Таким образом, среда, приготовленная по примеру 1, не удовлетворяет требованиям, предъявляемым к качеству диагностических питательных сред для Legionella pneumophila, и не может использоваться для определения ее антибиотикочувствительности.

Пример 2

Для приготовления среды использовали вышеозначенные ингредиенты в следующих концентрациях, г/л: ферментоаутолизат селезенки КРС - 6,0; агар микробиологический - 14,0; калия фосфат однозамещенный - 1,3; калия фосфат двузамещенный - 3,2; калия глюконат - 2,3; крахмал растворимый - 2,3; желатин - 2,3; мезоинозит - 2,3; L-цистеин - 0,3; ЭДТА железо(III) натриевая соль - 0,025; тушь высококачественная - 4 мл; дистиллированная вода до 1 л, pH - 7,1.

Методики определения и сравнения чувствительности, времени прорастания и эффективности предложенной питательной среды Б-2 и ВСУЕАά были идентичны описанным в примере 1.

Результаты сравнения: из посеянных 100 м.к. вирулентных и авируленетных штаммов легионелл на обоих средах вырастало на третьи сутки по 50-60 типичных колоний (р - 0,05, Хи-квадрат - 0,31), срок формирования колоний - 2 сутки при наблюдении в стереомикроскоп и 3 сутки при визуальном наблюдении. Но по эффективности роста колоний на 5-е сутки инкубации среда ВСУЕАά была несколько лучше приготовленной согласно примеру 2. В то же время выраженность газона культуры на предложенной среде была достаточной для визуальной регистрации на 2 сутки роста. Таким образом, состав среды, приготовленной по примеру 2, обеспечивает рост легионелл в той мере, чтобы данная среда рассматривалась как соответствующая общепринятым нормам ВОЗ.

Пример 3

Для приготовления среды использовали вышеозначенные ингредиенты в следующих концентрациях, г/л: ферментоаутолизат селезенки КРС - 7,0; агар микробиологический - 15,0; калия фосфат однозамещенный - 1,6; калия фосфат двузамещенный - 3,4; калия глюконат - 2,5; крахмал растворимый - 2,5; желатин - 2,5; мезоинозит - 2,5; L-цистеин - 0,4; ЭДТА железо(III) натриевая соль - 0,027; тушь высококачественная - 5 мл; дистиллированная вода до 1 л, pH 7,1.

Методика сравнительного изучения чувствительности и эффективности обеих сред соответствовала вышеописанным. Полученные результаты (рост 45-65 типичных колоний всех испытанных штаммов на обоих средах, сроки появления колоний - на 2-3 сутки при инкубации при 35°C, достаточная эффективность роста колоний и газонов культур при некотором превышении этих показателей на среде сравнения) свидетельствуют, что среда, взятая в данном составе, полностью соответствует требованиям, предъявляемым к референтной диагностической питательной среде BCYEAά, используемой для культивирования и выделения Legionella pneumophila. Испытуемая среда в указанном составе по перечисленным признакам может использоваться для выявления антибиотикочувствительности культур легионелл и для обычного их выращивания.

Пример 4

Для приготовления среды использовали вышеозначенные ингредиенты в следующих концентрациях, г/л: ферментоаутолизат селезенки КРС - 8,0; агар микробиологический - 16,0; калия фосфат однозамещенный - 1,7; калия фосфат двузамещенный - 3,6; калия глюконат - 2,6; крахмал растворимый - 2,6; желатин - 2,6; мезоинозит - 2,6; L-цистеин - 0,5; ЭДТА железо(III) натриевая соль - 0,028; тушь высококачественная - 6 мл; дистиллированная вода до 1 л, pH 7,1.

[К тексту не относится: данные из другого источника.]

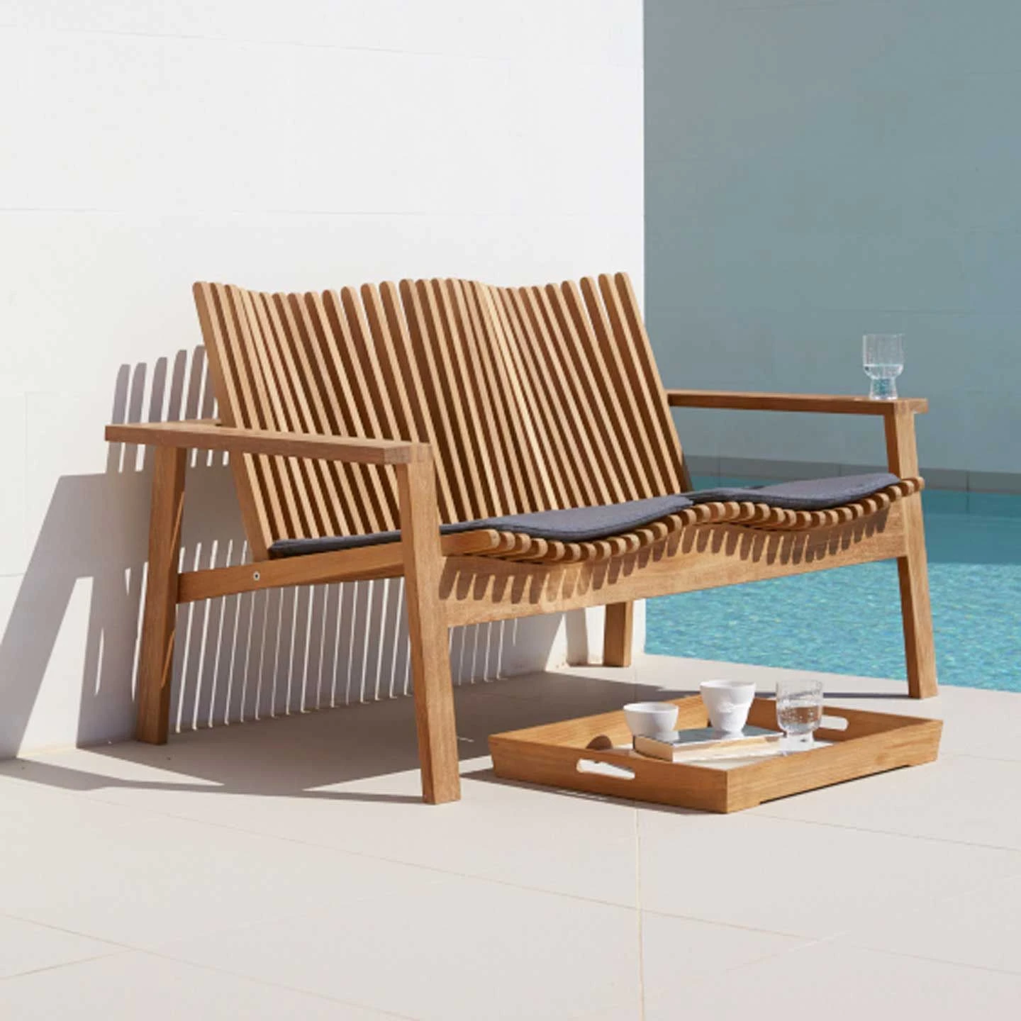This beautiful 2 seater lounge teak sofa is a design statement of simplicity, comfort and craftsmanship, which can be ordered with or without seat cushions. The Amaze teak sofa is manufactured in untreated, certified teak wood, which allows one to choose how to preserve the teak. Either the teak may be left untreated, in which case it will develop a beautiful grey patina over time and will only require a minimum of cleaning. Or the untreated teak can be oiled with a suitable teak oil. Depending on the climate in which it is to be used, oiling may be required a couple of times a year. Amaze is designed by danish designers Foersom & Hiort-Lorenzen
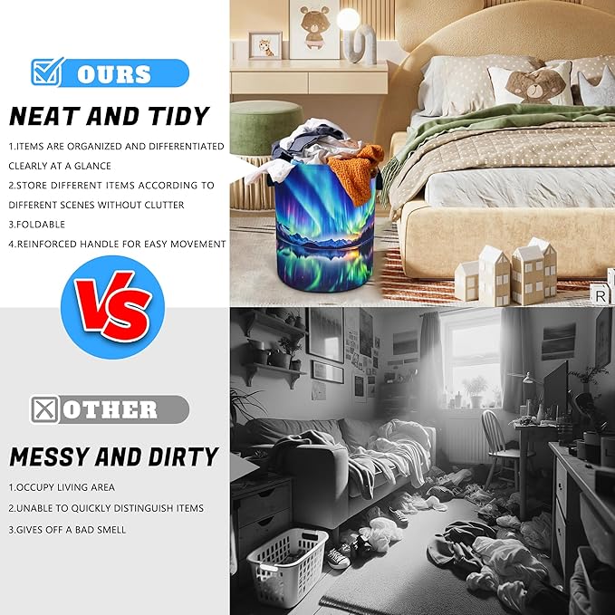 - Multi-Purpose Basket: In addition to laundry, it is also very suitable for storing and organizing books, blankets or other items. It has a wide range of uses, keeping your living environment clean, beautiful and tidy. It is a multi-functional product. The artistic design laundry basket is placed in the bathroom, bedroom, laundry room, children's room, dormitory and other places. It is a practical and fashionable item.

Методика сравнительного изучения вышеуказанных показателей обеих сред соответствовала описанным. Полученные результаты (рост 50-65 типичных колоний всех испытанных штаммов на обеих средах, сроки появления колоний - на 2-3 сутки при инкубации при 35°C, достаточная эффективность роста колоний и газонов культур при некотором превышении этих показателей на среде сравнения) свидетельствуют, что среда, взятая в данном составе, полностью соответствует требованиям, предъявляемым к референтной диагностической питательной среде BCYEAά, используемой для культивирования и выделения легионелл. Испытуемая среда в данном составе по вышеуказанным признакам может использоваться для выявления антибиотикочувствительности культур Legionella pneumophila и для обычного их выращивания.

Пример 5

Среда в данном примере приготовлена с максимальными концентрациями ингредиентов, г/л: ферментоаутолизат селезенки КРС - 9,0; агар микробиологический - 17,0; калия фосфат однозамещенный - 1,8; калия фосфат двузамещенный - 4,0; калия глюконат - 2,8; крахмал растворимый - 2,8; желатин - 3,0; мезоинозит - 3,0; L-цистеин - 0,8; ЭДТА железо(III) натриевая соль - 0,03; тушь высококачественная - 10 мл; дистиллированная вода до 1 л, pH 7,1.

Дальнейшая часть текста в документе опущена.